• AVAILABLE DATA:

########################################

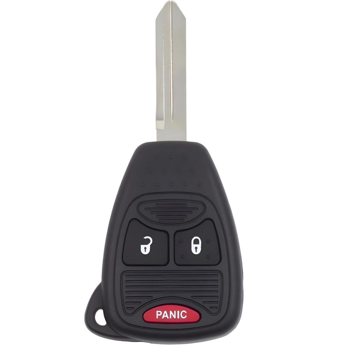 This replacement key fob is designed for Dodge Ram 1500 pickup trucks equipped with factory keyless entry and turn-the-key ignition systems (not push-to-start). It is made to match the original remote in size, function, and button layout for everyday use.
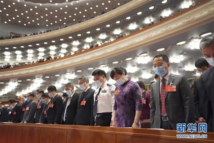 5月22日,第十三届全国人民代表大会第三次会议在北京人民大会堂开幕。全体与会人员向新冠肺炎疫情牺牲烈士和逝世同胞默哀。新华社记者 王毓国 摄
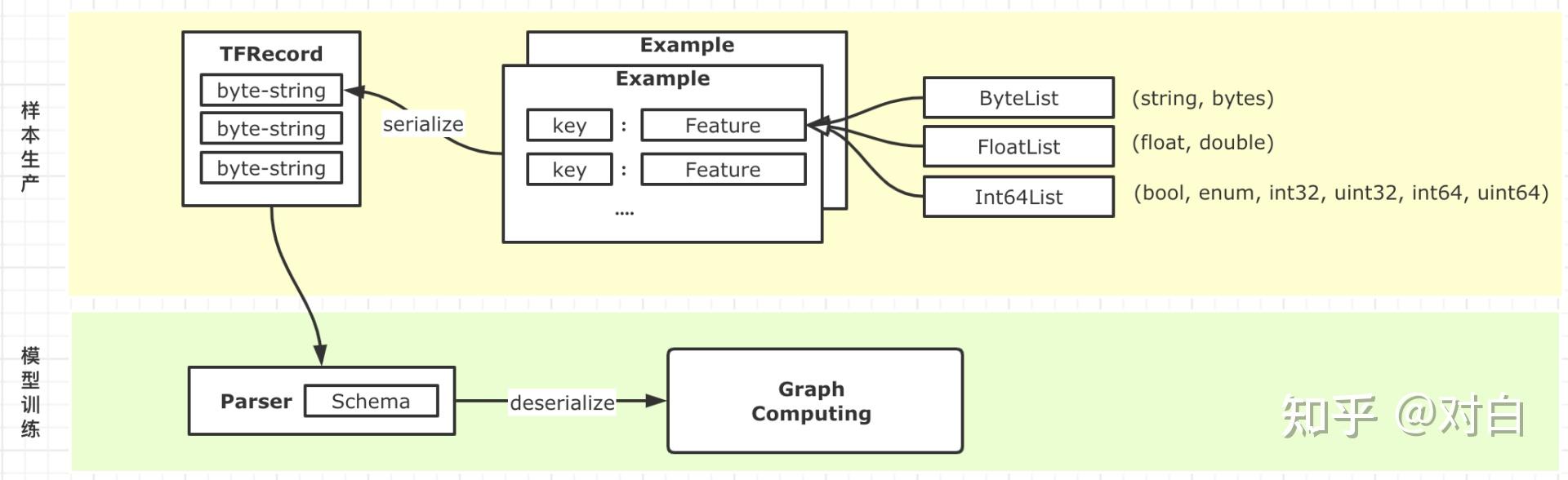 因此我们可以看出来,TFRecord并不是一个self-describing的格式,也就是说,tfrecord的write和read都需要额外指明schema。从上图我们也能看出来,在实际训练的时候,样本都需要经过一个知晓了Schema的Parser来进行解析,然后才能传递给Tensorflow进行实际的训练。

########################################

• REQUIRED ACTION:
If the data includes images, skip them and copy every line exactly.

• WRITTEN RESPONSE:
 This replacement key fob is designed for Dodge Ram 1500 pickup trucks equipped with factory keyless entry and turn-the-key ignition systems (not push-to-start). It is made to match the original remote in size, function, and button layout for everyday use.
 5月22日,第十三届全国人民代表大会第三次会议在北京人民大会堂开幕。全体与会人员向新冠肺炎疫情牺牲烈士和逝世同胞默哀。新华社记者 王毓国 摄
 因此我们可以看出来,TFRecord并不是一个self-describing的格式,也就是说,tfrecord的write和read都需要额外指明schema。从上图我们也能看出来,在实际训练的时候,样本都需要经过一个知晓了Schema的Parser来进行解析,然后才能传递给Tensorflow进行实际的训练。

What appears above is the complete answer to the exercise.